## Line Graph: Accuracy Comparison of Math Models on Various Problems
### Overview
The image is a multi-line graph comparing the accuracy performance of four large language models (LLMs) across 25 math problem categories. The models compared are Baichuan2-13B (blue), LLaMA2-13B (orange), Qwen-14B (green), and InternLM2-Math-20B (red). Accuracy percentages range from 0-100% on the y-axis, with math topics listed sequentially on the x-axis.
### Components/Axes
- **Legend**: Top-left corner, mapping colors to models:
- Blue: Baichuan2-13B
- Orange: LLaMA2-13B
- Green: Qwen-14B
- Red: InternLM2-Math-20B
- **X-axis**: "Math Problems" with 25 labeled categories (e.g., Angles, Area, Circles, Classifying & sorting, Coin names & value, Coordinate plane, Cubes, Decimals, Estimation & rounding, Fractions, Light & heavy, Mixed operations, Multiple operations, Numerical expressions, Patterns, Perimeter, Place value, Powers, Rational number, Spheres, Subtraction, Time, Triangles, Variable expressions, Volume of 3d shapes, Add, Compare, Count, Division, Equations, Length, Statistics, Percent, Polygons, Probability, Proportional, Quadrilaterals, Ratio, Temperature, Volume).
- **Y-axis**: "Accuracy (%)" with ticks at 0, 20, 40, 60, 80, 100.
- **Lines**: Four colored lines representing model performance across topics.
### Detailed Analysis
1. **InternLM2-Math-20B (Red Line)**:
- Consistently highest performer, peaking above 90% in multiple categories (e.g., Coordinate plane, Fractions, Time).
- Shows minor dips but maintains >70% accuracy in all categories.
- Notable peaks: 95%+ in Coordinate plane, Fractions, and Time.
2. **Baichuan2-13B (Blue Line)**:
- Second-highest performer overall, with peaks near 90% (e.g., Coordinate plane, Fractions).
- More volatile than InternLM2, with sharper drops (e.g., 60% in Decimals, 50% in Estimation & rounding).

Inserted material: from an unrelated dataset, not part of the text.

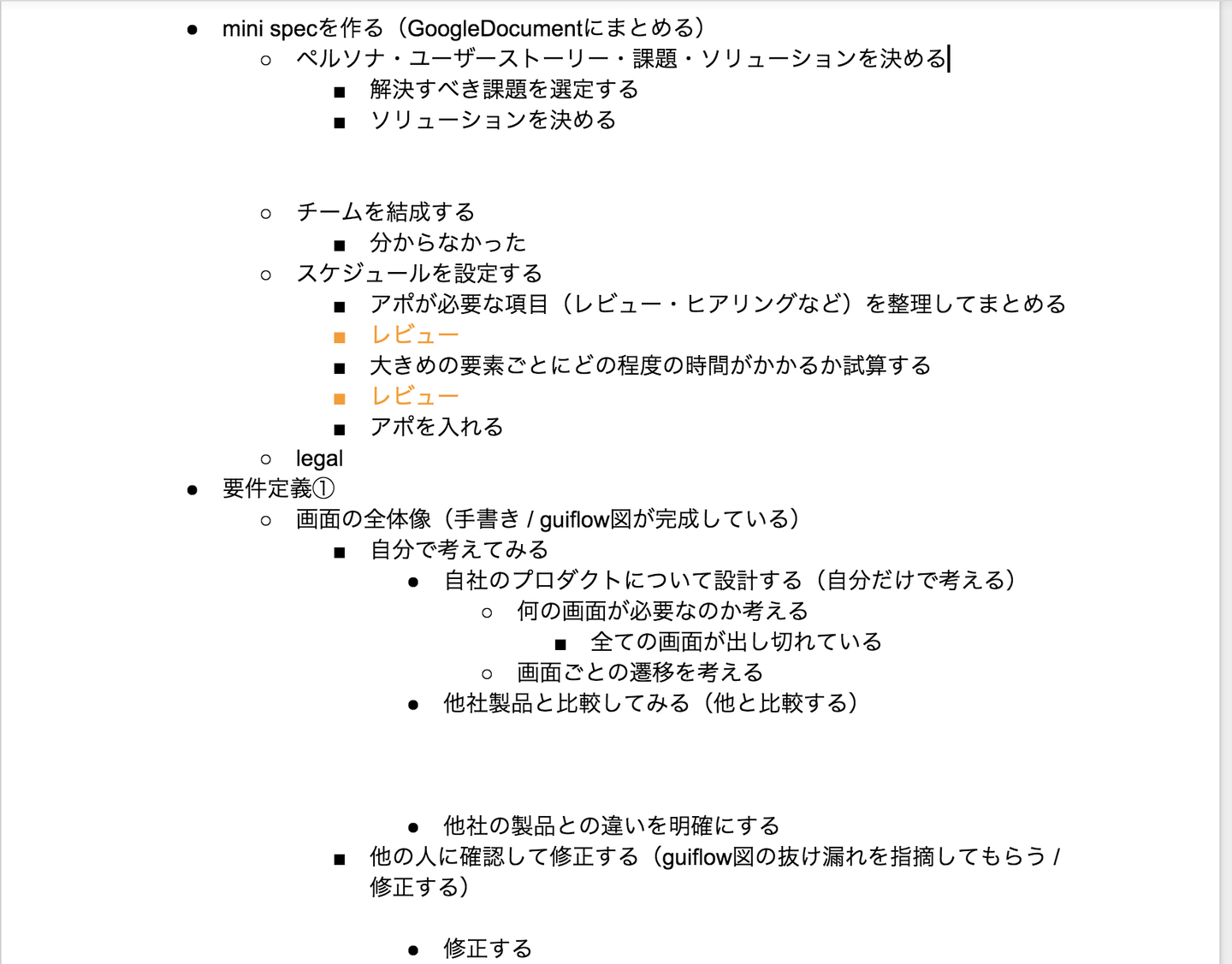 その際に、大まかにやるべきことを列挙して、それを細かく分解していくようにしましょう。

- Strong in geometry topics (Angles, Area, Perimeter).
3. **LLaMA2-13B (Orange Line)**:
- Most variable performance, with extreme lows (e.g., 0% in Coordinate plane, 5% in Subtraction).
- Strong in algebraic topics (Equations, Variables) with peaks near 80%.

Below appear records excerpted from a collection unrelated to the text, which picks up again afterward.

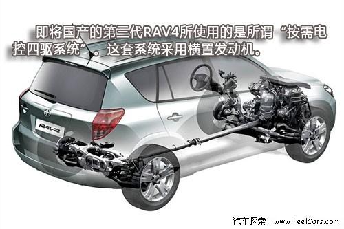 但值得注意的是,之前两代RAV4采用的都是全时四驱系统,与此相配合发动机也使用了纵置的设计。而即将国产的第三代RAV4所使用的是所谓“按需电控四驱系统”(Electronic On-DeMand 4-wheel drive)。这套系统采用横置发动机,在需要时通过液力粘性耦合器将动力传至后轮。
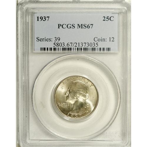 1937 25C MS67 PCGS. Exceptionally lustrous with a spla
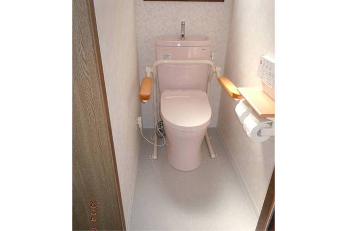 腰を痛め、立ち上がりをサポートするためにアームレスト手すりを取付。
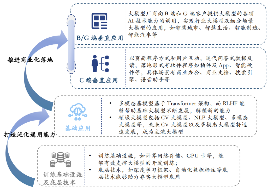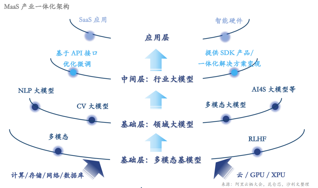 大模型“训练基础设施 – 底层技术 – 基础应用 – 垂直应用”发展路线逐渐清晰,MaaS(Model as a Service)将重构商业化生态。MaaS模式将由基础层、中间层以及应用层三部分组成,能够降低AI应用开发门槛,重构AI产业的商业化结构生态,激发新的产业链分工和商业模式不断涌现。

- Weaknesses in spatial reasoning (Coordinate plane, Geometry).
4. **Qwen-14B (Green Line)**:
- Moderate performance, averaging 60-70%.
- Peaks in algebraic topics (Equations, Variables) at ~75%.
- Notable dip to 15% in Place value, recovery in Statistics (~60%).
### Key Observations
- **Outliers**:
- LLaMA2-13B: 0% accuracy in Coordinate plane (potential data error or model weakness).
- Qwen-14B: 15% in Place value (significant drop).
- **Trends**:
- InternLM2-Math-20B dominates in geometry and arithmetic (Angles, Fractions, Time).
- All models struggle with spatial reasoning (Coordinate plane, Geometry).
- Algebraic topics (Equations, Variables) show higher performance across models.
### Interpretation
The data suggests **InternLM2-Math-20B** is the most robust model for math problem-solving, likely due to specialized training on mathematical reasoning. Its consistent performance across diverse topics indicates strong generalization. **LLaMA2-13B** exhibits the most variability, with critical failures in spatial reasoning (Coordinate plane) but strengths in algebraic manipulation. **Qwen-14B** and **Baichuan2-13B** show mid-tier performance, with Qwen excelling in algebraic topics and Baichuan2 performing well in geometry. The anomalies (e.g., LLaMA2's 0% in Coordinate plane) highlight potential gaps in model training data or architectural limitations for specific problem types. This comparison underscores the importance of model specialization for domain-specific tasks like mathematics.